In 2014, the City of Santa Fe authorized a feasibility study to determine if establishing a city public bank would be advantageous. Last week, the feasibility study was released. (You can read it here.)
The bottomline: YES! Establishing a Santa Fe public bank would save the city millions of dollars in financing fees paid to Wall Street.
Here is an excerpt from the Santa Fe New Mexican.
A feasibility study released Wednesday concluded that the city of Santa Fe could save money by establishing a public bank.
Currently, when the city needs money to build roads, recreation centers, sewer lines, libraries or senior centers, it has to make its case to big investment firms and mutual funds that buy municipal bonds.

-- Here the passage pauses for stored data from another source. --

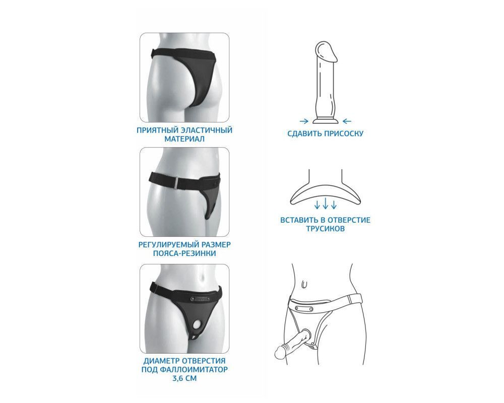 Насадка-фаллоимитатор имеет реалистичную рельефную форму и обладает эффектом мягкой текстуры кожи. В изделии использован эффект двойной структуры: более твердая основа фаллоимитатора покрыта слоем мягкого материала Polyskin, который произведен из немецкого сырья. Размер трусов - S-L.
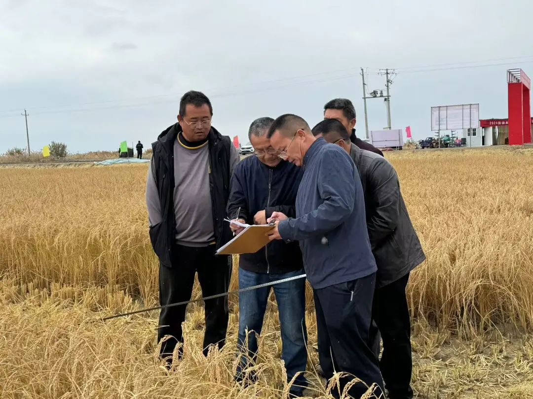 如何向“白花花”的盐碱地要粮食、要效益,二师铁门关市种植海水稻的实践给出了答案。近日,二师铁门关市农业农村局组织新疆农垦科学院、兵团农业技术推广总站、二师农业科学研究所等单位行业专家组成专家组,对二二三团海水稻改良示范田进行现场考察、测量地块后实收测产,经过收割脱粒、过磅称重、去杂等程序,根据国家标准14.5%水分含量折算,得出海水稻改良示范田平均亩产505.1公斤,二师首次在重度盐碱地上实现海水稻亩产突破1000斤。
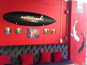 The interior decor of Active Sushi on Bree is industrial with exposed brickwork and pipes, very high ceilings, comfortable bench seats, wooden sushi counter (that runs the length of the front of the restaurant ) there is a combination of wooden and plastic chairs and beautiful Iranian carpets. You have the option of dining Al Fresco in the front with added heaters to take the chill out of those cold winter nights. Popular dishes at Active Sushi include the Prawn Tempura, and chicken and prawn noodles.
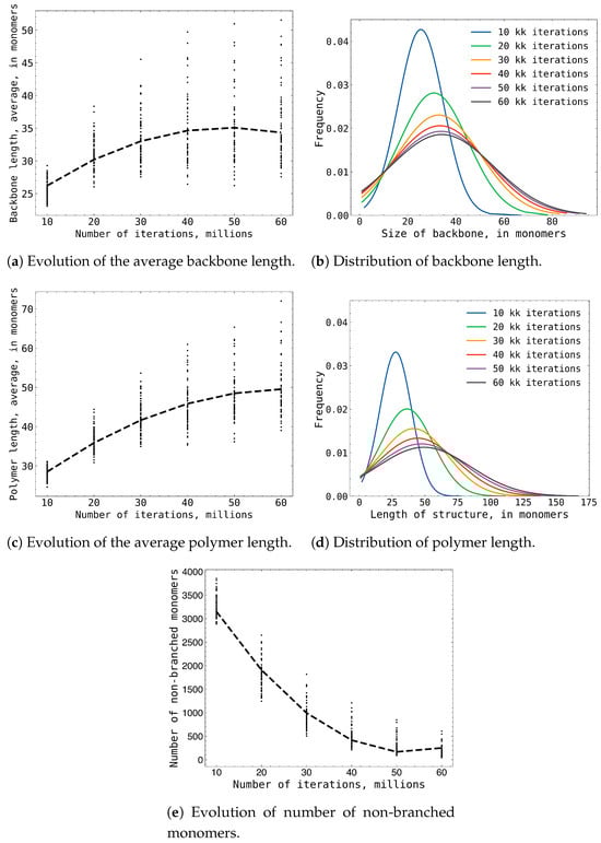 In Figure 2, we present the statistical analysis of MAA polymer growth from our Monte Carlo simulations. These plots show that the growth of MAA polymers continued up to 50 million Monte Carlo steps. At this point, a state of equilibrium was reached between the growth of MAA polymers and the degradation of branched MAA polymers. This equilibrium resulted in a stable structure of MAA polymers within the simulation box. However, the structure of MAA polymers was not static; it continued to evolve rapidly, influenced by the ongoing balance between the formation and breakdown of MAA polymers. This dynamic process was clearly demonstrated in plot Figure 2e, where the continuous changes in the polymer structure could be observed.
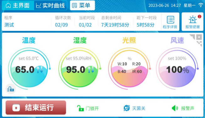 七寸全彩觸摸屏:操作界面友好;屏幕高度符合人體工程學(xué)設(shè)計(jì);一屏查看/設(shè)置溫度、濕度、光照等多項(xiàng)參數(shù),無需切換界面;全景鋼化玻璃內(nèi)門:減少箱體內(nèi)溫濕度變化,方便觀察內(nèi)部實(shí)驗(yàn)情況;背出風(fēng)系統(tǒng):采用大面積矩陣網(wǎng)孔出風(fēng)結(jié)構(gòu)設(shè)計(jì),確保氣流平穩(wěn),配合風(fēng)速調(diào)控功能,實(shí)現(xiàn)箱體內(nèi)部溫度、濕度、風(fēng)速均勻分布;電磁鎖與屏幕鎖雙重防護(hù):確保培養(yǎng)箱外門與操作屏幕的安全,用戶需輸入正確密碼方可解鎖,有效保護(hù)實(shí)驗(yàn)樣本免受未經(jīng)授權(quán)的訪問,提升實(shí)驗(yàn)安全性與數(shù)據(jù)保密性;內(nèi)置超聲波加濕系統(tǒng):加一次水可用3個(gè)月;兼容?外接自動(dòng)供水裝置實(shí)現(xiàn)便捷補(bǔ)水;時(shí)段設(shè)置功能:可設(shè)置多個(gè)時(shí)段,可單獨(dú)設(shè)置每個(gè)時(shí)段的運(yùn)行時(shí)間模擬出各種氣候條件;遠(yuǎn)程數(shù)據(jù)管理及控制:可通過PC端Web平臺(tái)、App、微信公眾號(hào)實(shí)現(xiàn)設(shè)備與實(shí)驗(yàn)程序的遠(yuǎn)程操控、實(shí)時(shí)查看、信息推送能功能;

A debt package is compiled, analyzed, rated and then advertised — and whichever financial institution offers the lowest interest rate gets to loan the city money. The proceeds are deposited electronically, and the debt is paid off in small amounts over decades by water ratepayers, shoppers who pay taxes on goods and services, or perhaps those who play a round of golf.
But even during a time of historically low interest rates, borrowing funds has a cost to the government of 2 percent to 5 percent. That can be significant when amortized over decades. Santa Fe estimates it could have saved $10 million since 2009 on its $80 million of current debt had the government been able to borrow from its own community instead of Wall Street.

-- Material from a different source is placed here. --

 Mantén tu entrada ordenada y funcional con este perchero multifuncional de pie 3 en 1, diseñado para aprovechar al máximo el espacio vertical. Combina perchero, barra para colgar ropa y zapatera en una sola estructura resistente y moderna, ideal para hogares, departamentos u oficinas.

The City Council in 2014 authorized the feasibility study on whether Santa Fe could pull its cash out of financial institutions and use the funds to establish a public bank. The analysis concluded that such a bank could sustain itself and make a profit for taxpayers, but the concept should move ahead slowly, with transparency, and start small with the city paying for its own borrowing before offering loans to other governments or businesses.

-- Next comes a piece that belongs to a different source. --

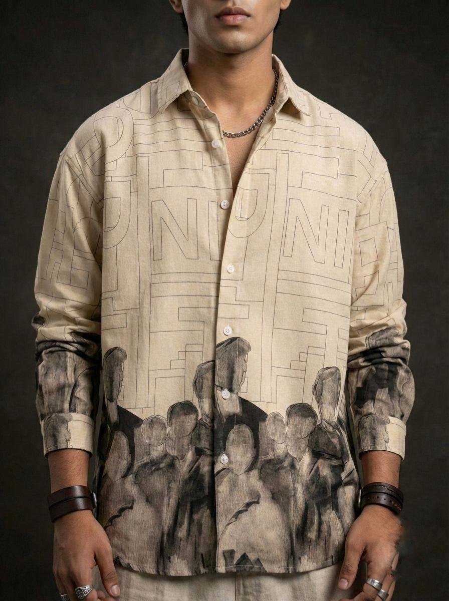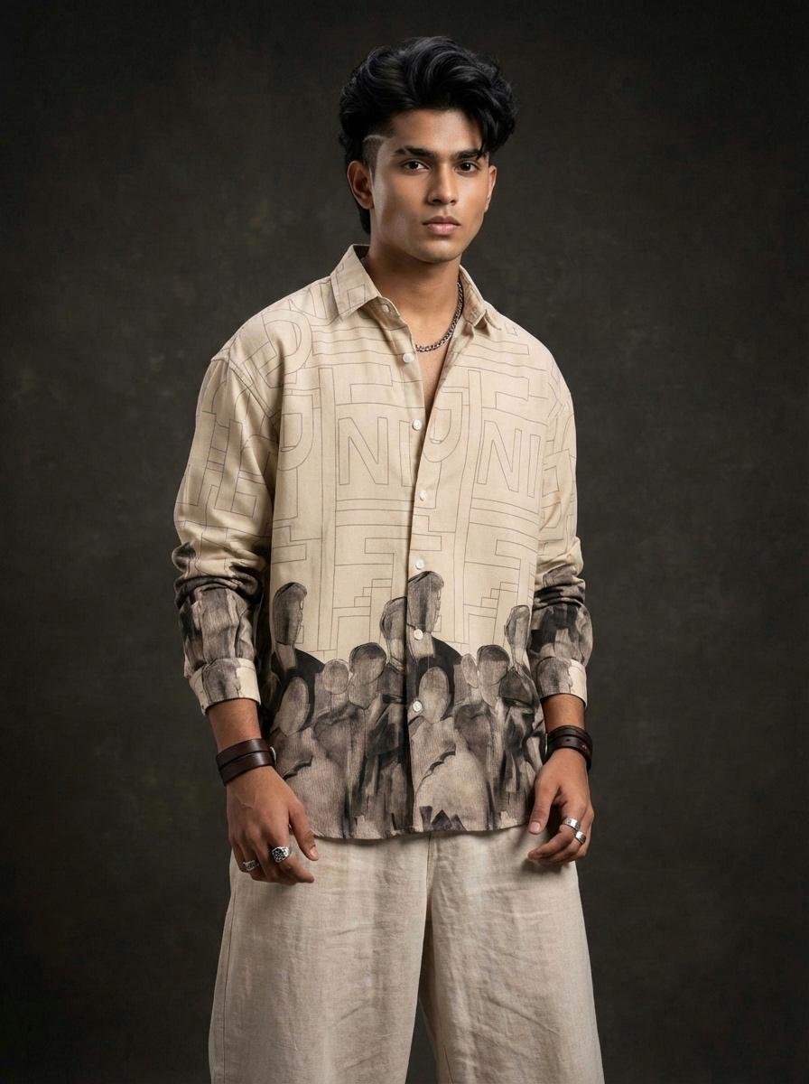 Our Urban Silhouette Statement Shirt features bold abstract prints with a relaxed dropshoulder fit. Limited stock – Upgrade your wardrobe now..

A public bank could have an economic impact of $24 million its first seven years, according to consultant Katherine L. Updike of Building Solutions and Christopher Erickson, an economist with New Mexico State University.
“It’s a lost opportunity with every debt payment we make,” Mayor Javier Gonzales said about the costs of using large investment houses to finance capital needs.
He added that the money saved from avoiding debt payments to private lenders — which will increase as interest rates rise — could be used not just for basic public services such as police and fire, but also for innovative projects that can make Santa Fe a better place to live, such as helping early childhood initiatives and startup businesses.
But Gonzales recognized the trust issue many might have with a public bank, cautioning that the city is not going to get into the banking business to compete with local lenders, nor are city councilors going to serve as bank managers.
Any governance structure for the bank would have to be well thought out and balanced in a way that would gain support from both taxpayers and the business community. It would have to be independent from city politics. “We need to pursue this very carefully,” he said.